This file is always required. It stores:

- topic
- topic slug
- build or update mode
- created timestamp
- last updated timestamp
- page list
- run history
- simple run bookkeeping like URLs visited and pages generated
- whether trace mode was enabled

## Dynamic files

Do **not** hardcode a fixed set like `papers.md` or `repos.md` for every topic.

Create additional files only when the topic actually supports them.

Common examples:
- `papers.md`
- `repos.md`
- `docs.md`
- `articles.md`
- `datasets.md`
- `benchmarks.md`
- `people.md`
- `glossary.md`
- `timeline.md`
- `landscape.md`
- `reading-order.md`
- `disagreements.md`
- `what-matters.md`

Rules:
- if a category has meaningful evidence, create its file
- if it does not, skip it
- do not create empty placeholder files
- if a category only has 1-2 minor findings, fold it into `index.md` instead
- create `updates.md` when the KB is refreshed in update mode
- if the topic is broad enough to have multiple camps, phases, or implementation styles, create `landscape.md`
- if the sources disagree in meaningful ways, create `disagreements.md`
- if the reader would benefit from a guided path, create `reading-order.md`

All generated markdown files should use `[[wikilinks]]` when linking to other local pages.

Trace mode exception:
- files under `_trace/` are debugging artifacts, not user-facing KB pages
- do not clutter `index.md` with `_trace/` links unless the user explicitly asks

## Operating model

Use a **two-pass workflow**:

1. **Discovery pass**
   - find high-value URLs
2. **Reading pass**
   - extract structured information from the selected URLs

Use **one TinyFish run per URL**.

Do not ask one TinyFish agent to cover multiple independent sites in a single command.

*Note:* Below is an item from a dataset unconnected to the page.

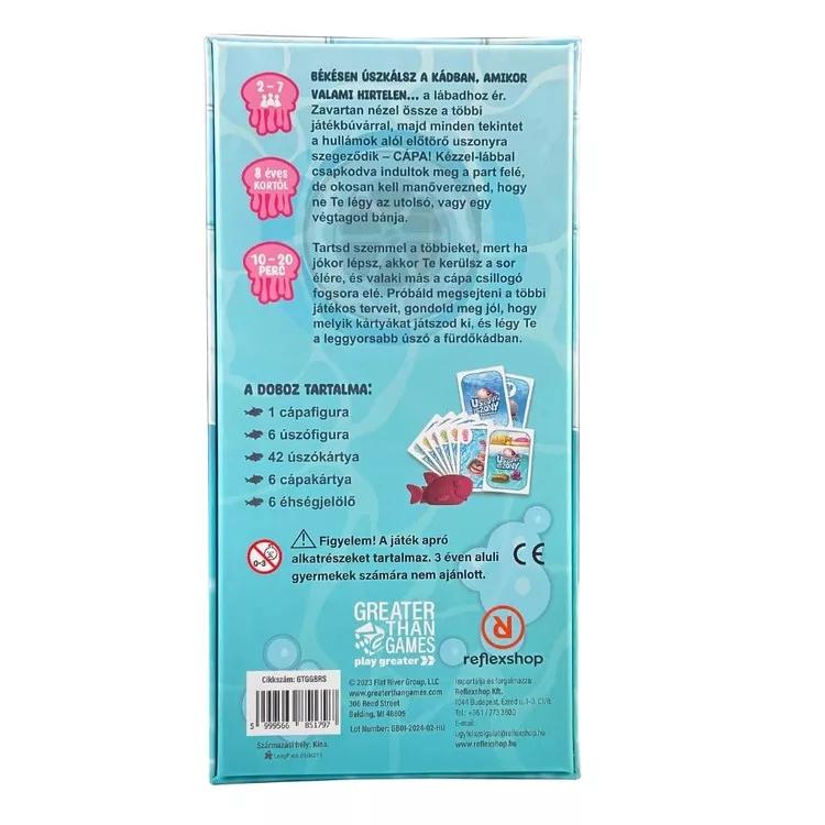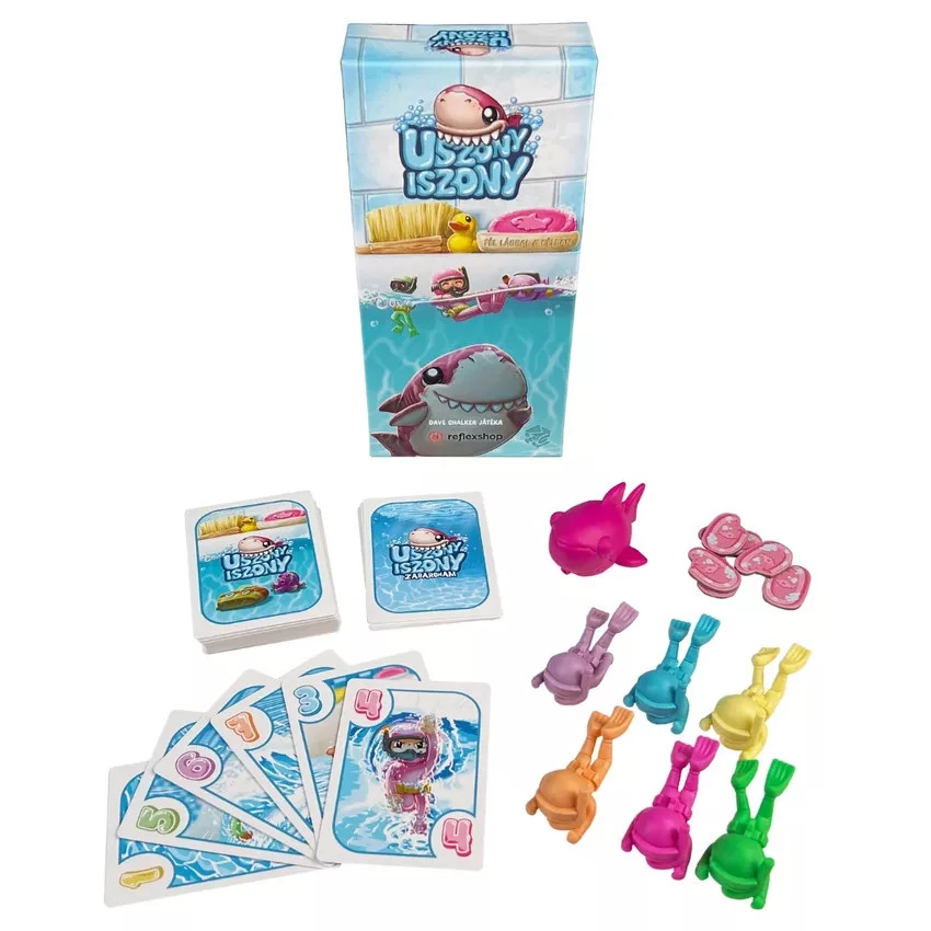 De hogyan ússz? Minden körben egy kártyát fogsz kijátszani – ha tiéd a legkisebb érték, egyből az élen találod magad. De ha bárki más is kijátszott egy ugyanolyan értékű kártyát, akkor bizony egyikőtök sem mozdul a helyéről. Maximum háromszor hibázhatsz: amint mindkét karodat és mindkét lábadat megette a cápa, végleg hallakomává lettél.

Run independent URLs in parallel where possible using background jobs and `wait`.

## Step 0 — Decide build mode

Determine whether this run is:

- `build` — creating a KB from scratch
- `update` — adding or refreshing sources in an existing KB

Also determine:

- `TRACE` = `true` or `false`

Use `update` mode when:

- the user explicitly says update or refresh
- the target KB folder already exists and the user's intent is additive

In update mode:

- read the existing `index.md`
- read the existing `sources.md`
- read the existing `audit.md`
- read the existing `manifest.json`
- do not renumber old source IDs
- only rewrite the pages whose evidence changed

## Step 1 — Normalize the task

Write down:
- `TOPIC`
- `TOPIC_SLUG`
- `STARTER_URLS` if provided
- `MODE` = `build` or `update`
- `TRACE` = `true` or `false`

Keep the topic human-readable in the markdown output.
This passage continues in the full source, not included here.